Exigência de reconhecimento de assinatura, que foi derrubada para procurações judiciais, por meio de lei federal, aumenta os custos e burocratiza processos, destacam associações e entidades sindicais

Entidades sindicais e associações enviaram uma carta conjunta à presidência da Cabesp, entidade de assistência à saúde criada pelos funcionários do Banespa, banco vendido para o Santander em 2000. No documento, encaminhado nessa segunda-feira (6), o grupo solicita a dispensa do reconhecimento de firma nas procurações para a Assembleia Geral Ordinária (AGO) de 2023, que irá ocorrer no dia 28 de março, na Casa Portugal.

Segundo regras do edital, só poderão participar da assembleia associados e procuradores que devem ser, igualmente, associados. Cada procurador pode representar até dez associados. Também é necessário o reconhecimento de firma em cartório de cada um dos representados pelos procuradores.

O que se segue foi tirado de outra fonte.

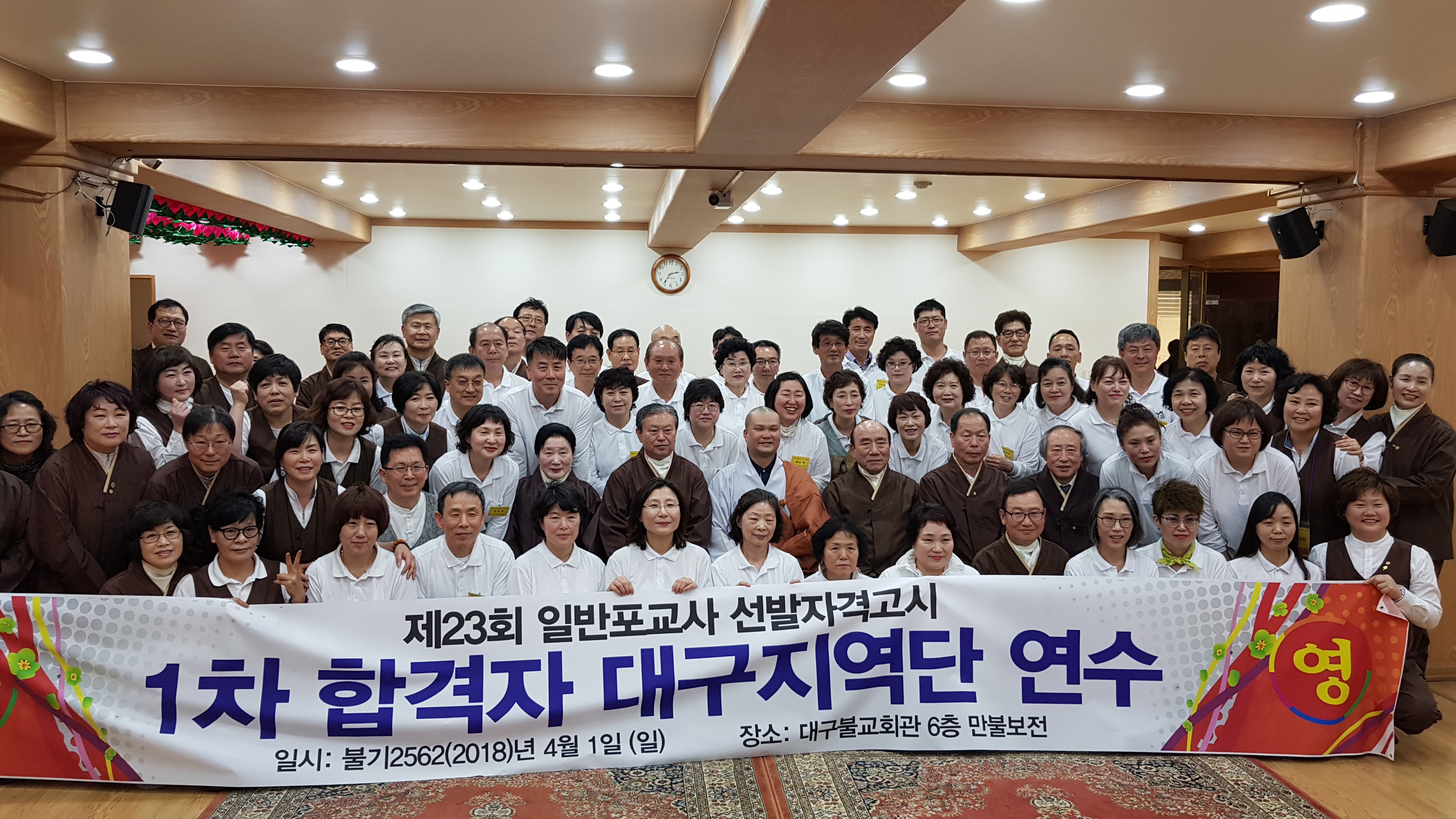 - [부산] 포교원 고시 1차 합격자 불교 문화원 연수교육일시 : 불기 2562년(2018년) 3월24일(토요일) ~ 25일(일요일장소 : 충남공주 불교 문화연수원 부산지역단 (자재천) 정분남 단장님 (도일) 진상근 NGO 본부 총괄팀장부산지역단 1차 합격자 37명 참석3월24일 미 참석자 11명 : 3월31일 ~ 4월1일 교육참석 : 공주 불교 문화원1차 합격자 연수교육집전 및 목탁습의 교육교육을 마치고 부산지역단 단체사진25일 아침 명상 수행자욱한 안개속에서 아침명상 수행을 하고있는 1차 합격자마곡사 대관보전 앞에서 부산지역단 1차 합격자 단체사진 입니다,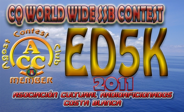 El pasado 29 y 30 de Octubre la Asociación Cultural Radioaficionados Costa Blanca, participó un año más en el concurso internacional CQ WW SSB Contest 2011, aunque este año no pudo ser en nuestra base de concursos de la ACC Agost Contest Club.  Participo en la categoría de Monooperador,  monobanda en 20m  baja potencia y , con nuestro indicativo para concursos ED5K. Esperemos que para Marzo de 2012  podamos seguir haciendo todos los concursos desde la ACC, aunque también estamos preparando algo en nuestra Sede de la ACRACB para otro tipo de concursos .

“Nós entendemos que essa exigência é custosa e burocratiza o processo”, explica Rita Berlofa, funcionária do Santander e secretária de Relações Internacionais da Confederação Nacional dos Trabalhadores do Ramo Financeiro (Contraf-CUT), uma das entidades que assinam o documento. “O procurador também é um associado e, como tal, tem responsabilidades. Portanto, não é possível haver nenhuma falsificação de assinatura, pois isto colocaria em risco a manutenção do associado junto à Cabesp”, completa.

Na carta, as entidades pontuam ainda que, conforme o próprio estatuto da assembleia, no parágrafo 4º do artigo 33, a Comissão de Assessoramento, composta por integrantes da Cabesp e por integrantes das associações de funcionários AFABESP, AFUBESP e ABESPREV, ficará responsável por receber e cadastrar as procurações. Assim, “não é possível que alguém falsifique uma assinatura correndo o risco de responder administrativamente e criminalmente, sabendo ainda que há uma comissão que conferirá todos os documentos”, escrevem.

O grupo destaca que, por conta da Lei Federal 13.726 de 2018, não existe mais a exigência de reconhecimento de firma nas procurações judiciais. A legislação, criada com o objetivo de “simplificar e desburocratizar os procedimentos administrativos no Brasil, determinou aos órgãos públicos a dispensa de reconhecimento de firma”, completam as entidades no documento.

Para acessar a carta na íntegra, clique aqui.

Informações

A Assembleia Geral Ordinária 2023 acontecerá no dia 28 de março, em primeira convocação às 10h, com presença mínima de 2/3 (dois terços) dos associados, ou em segunda convocação às 10h30, com qualquer número de associados.

O local será no espaço Casa de Portugal, na Avenida da Liberdade, nº 602 – Liberdade, São Paulo – SP.

Na ocasião, serão votadas a Prestação de contas relativa ao exercício 2022, a Dotação Orçamentária para o exercício 2023 e apresentados os Regulamentos aprovados pela Diretoria para referendo.